Ludwig, one of our security experts, sent out a mail with a reaction to the report and I’d like to point out some of the things from the report and how it’s handled in the openSUSE 11.0 distribution.
Let me state first the major lines of defense that openSUSE uses:
- Package downgrade is not possible, YaST will not do this automatically and therefore many of the attacks (installing an old and vulnerable package) are not possible.
- The openSUSE download redirector serves the metadata from a known and trusted source.

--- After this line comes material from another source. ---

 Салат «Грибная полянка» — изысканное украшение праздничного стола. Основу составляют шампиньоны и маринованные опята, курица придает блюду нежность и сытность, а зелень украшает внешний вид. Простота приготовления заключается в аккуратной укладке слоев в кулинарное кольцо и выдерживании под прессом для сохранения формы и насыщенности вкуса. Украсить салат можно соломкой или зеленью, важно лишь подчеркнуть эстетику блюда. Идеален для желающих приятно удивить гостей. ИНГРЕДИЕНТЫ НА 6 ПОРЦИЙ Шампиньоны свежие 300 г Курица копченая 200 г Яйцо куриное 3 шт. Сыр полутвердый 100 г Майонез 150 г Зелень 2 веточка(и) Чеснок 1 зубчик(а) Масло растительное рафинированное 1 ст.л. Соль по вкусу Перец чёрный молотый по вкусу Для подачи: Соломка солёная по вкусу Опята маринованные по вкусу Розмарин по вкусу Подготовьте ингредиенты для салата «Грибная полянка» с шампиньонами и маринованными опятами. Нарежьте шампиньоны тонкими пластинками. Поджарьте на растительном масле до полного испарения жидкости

I advise everybody to use the download redirector via http://download.opensuse.org.
- The openSUSE updates have both cryptographically signed packages and cryptographically signed meta data - and YaST check these signatures and reject files that do not match the signature.
The described attacks are:
- “Replay Attack: Metadata Replay”: Not possible since the openSUSE download redirector serves the metadata from a central location. The only chance here would be a man-in-the-middle attack but this would not help since YaST will not do a package downgrade.

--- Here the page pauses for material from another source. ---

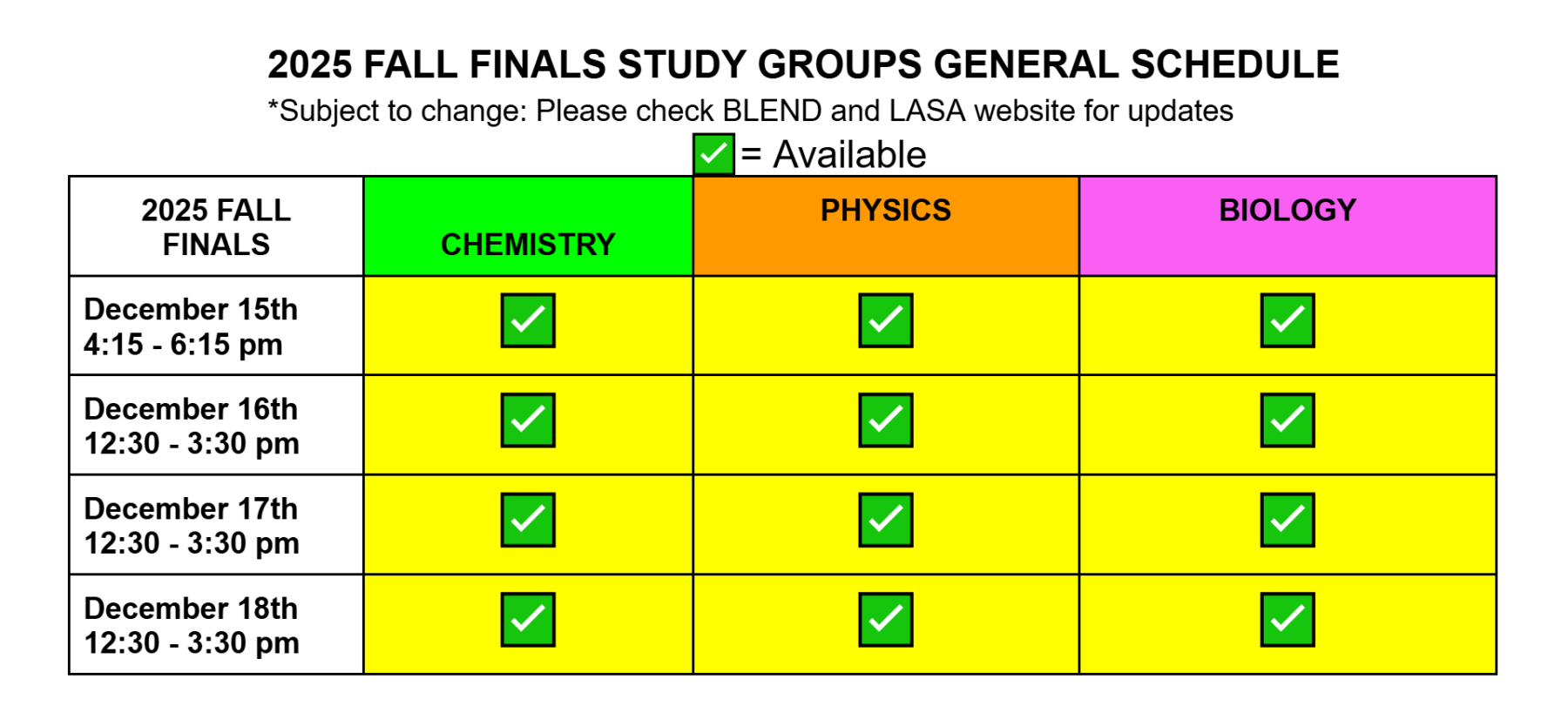 The PFLASA Study Groups Committee continues to work diligently to ensure that this resource is useful and available to all students. We have hired two additional tutors to help out during finals week and next semester.

- “Replay Attack:Mirror Control”: Yes, it’s easy to become an openSUSE mirror but this will not degrade your security since the metadata comes from the download redirector and we only redirect to mirrors that contain the right version of a package - and the redirector monitors that the mirrors contain the right files. YaST is designed with mirrors going out of date or getting corrupted in mind.
- Attacks called “Extraneous Dependencies”, “Unsatisfiable Dependencies”, “Provides Everything” on the other attacks page: Let me cite the page where it mentions protection against these attack: “The easiest way is to use a package manager that signs the repository metadata (like APT or YaST)”.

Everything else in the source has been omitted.